Рассказы о Розе. Side A - Никки Каллен
Шрифт:
Интервал:
Закладка:
– Я тоже подумал о читальном зале…
– Всю эту мебель нужно оставить, или часть можно выбросить?
– Я уже половину вчера выбросил… Осталось только хорошее. Правда. Там подкрасить, там обить… я люблю «Икею», конечно, но для книжного или библиотеки предпочту эти вещи – они все с историей, все разные… живые… не знаю, – он сел в одно из кресел, в стиле арт нуво, мягкое, с порванной только по краю обивкой, синей в золотистые пчелки, пузатые ножки, огромная изогнутая спинка, будто автор так и не придумал, хочет он сделать кресло или цветок. – С этим креслом можно разговаривать; оно само может книги писать… Ну, как? – развел руками из кресла. – Какое выбрать под самое главное кресло – кресло библиотекаря? Моей попе нравится это… простите…
Она улыбнулась на его улыбку – сначала он очень стеснялся её – а потом расслабился, осмелел, стал острить – красивый такой мальчик этот Дэмьен Оуэн, она не ожидала, что он будет так хорош вживую, фото она уже видела – не могла понять, как Бог может быть таким щедрым – дать всё сразу: красоту, ум, молодость и признание и смысл жизни… Она сказала это вслух – отцу Валери – он часто приходил в библиотеку, он любил всё подряд – космические оперы, старые английские детективы, детские книги про школьные приключения – они дружили с детства – жили по соседству; он стал священником, она так и не вышла замуж – вырастила дочку одна; напилась на одной студенческой вечеринке до потери сознания, она тогда была ого-го какая, гуляла напропалую, коллекционировала ретро-платья, проснулась в куче народа на кровати и поняла, что ее кто-то изнасиловал спящую, а через несколько недель поняла, что беременна, но аборт делать не стала – дико это как-то, страшно, пусть будет что будет – и когда Эмма спросила ее как-то в детском саду еще обиженно, почему у нее нет папы и кто он, кто ее папа, почему он не с ними, она действительно не знала, что сказать, а врать про летчиков – как-то низко; она сказала, что прекрасный незнакомец в плаще и маске подарил ей Эмму однажды ночью на балу как огромную ценность, ценнее всех корон и карет на свете, и теперь она за Эммой смотрит во все глаза, охраняет ее от опасности – от людей, которые ищут Эмму по всему свету, потерянную принцессу – да уж, про летчика вышло бы правдивее, но Эмму эта история больше чем удовлетворила, и уже взрослой Эмма вдруг напомнила ей про принцессу – мама, знаешь, а я до сих пор верю, что я принцесса, мне это очень помогает в жизни…

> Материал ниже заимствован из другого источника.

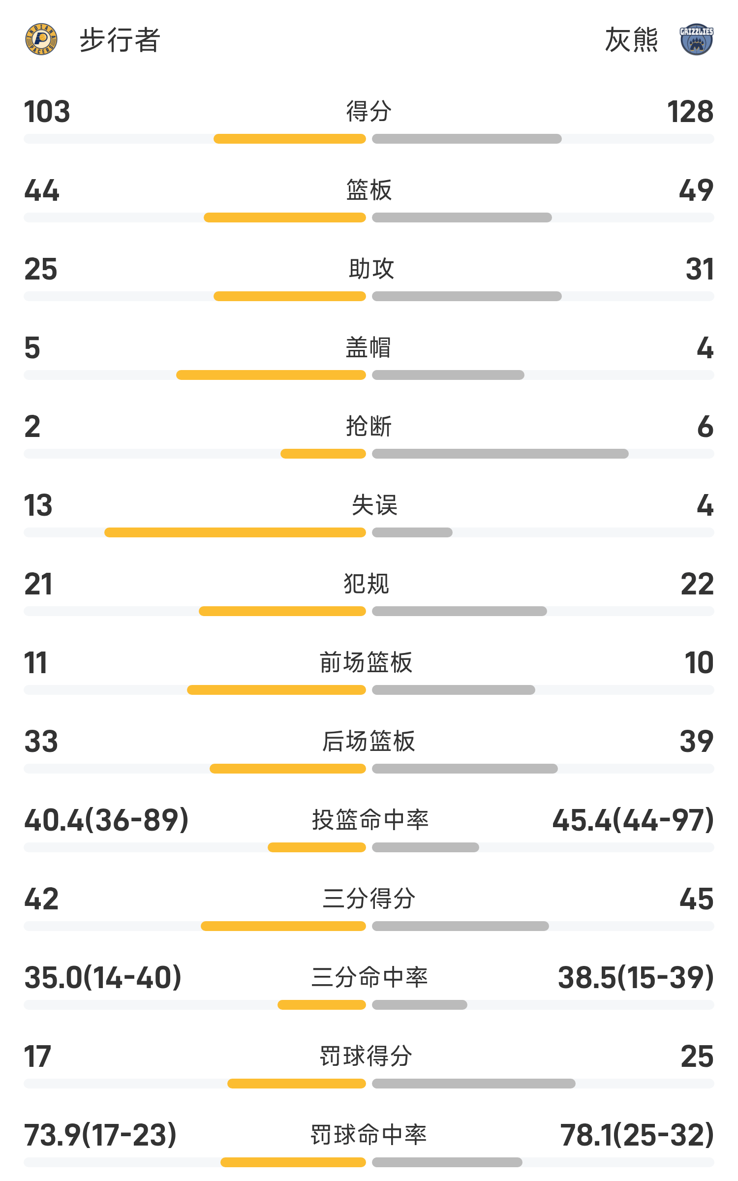 双方全场战罢,灰熊128-103战胜步行者。

– Как можно быть таким – сразу – написать умнейшую тончайшую книгу о Христе в девятнадцать лет и быть красивым кареглазым мальчиком в клетчатом твидовом пиджаке от Prada на развороте журнала, давать интервью – но при этом жизнь твоя посвящена церкви – так рано… Тебе не обидно – всю жизнь людям, в этом Асвиле, где католиков терпеть не могут, в убогой часовне, – и тут приходят эти молодые ребята, в три недели открывают Собор, и теперь мне нужно помочь разгрести библиотеку этому мальчику… Боже мой, девятнадцать лет… что я делала в девятнадцать лет? у меня вообще ничего не было в голове, кроме любовных романов, я ездила на велосипеде, развозила книги старикам – если состаришься, имей в виду – у нас есть такая услуга – старики по телефону нам заказывают книги почитать, и мы забираем прочитанные и привозим новые, сейчас этим Анри занимается, ему четырнадцать, – но это если ты совсем из дома выходить не можешь, – и писала свой роман, который до сих пор не закончила.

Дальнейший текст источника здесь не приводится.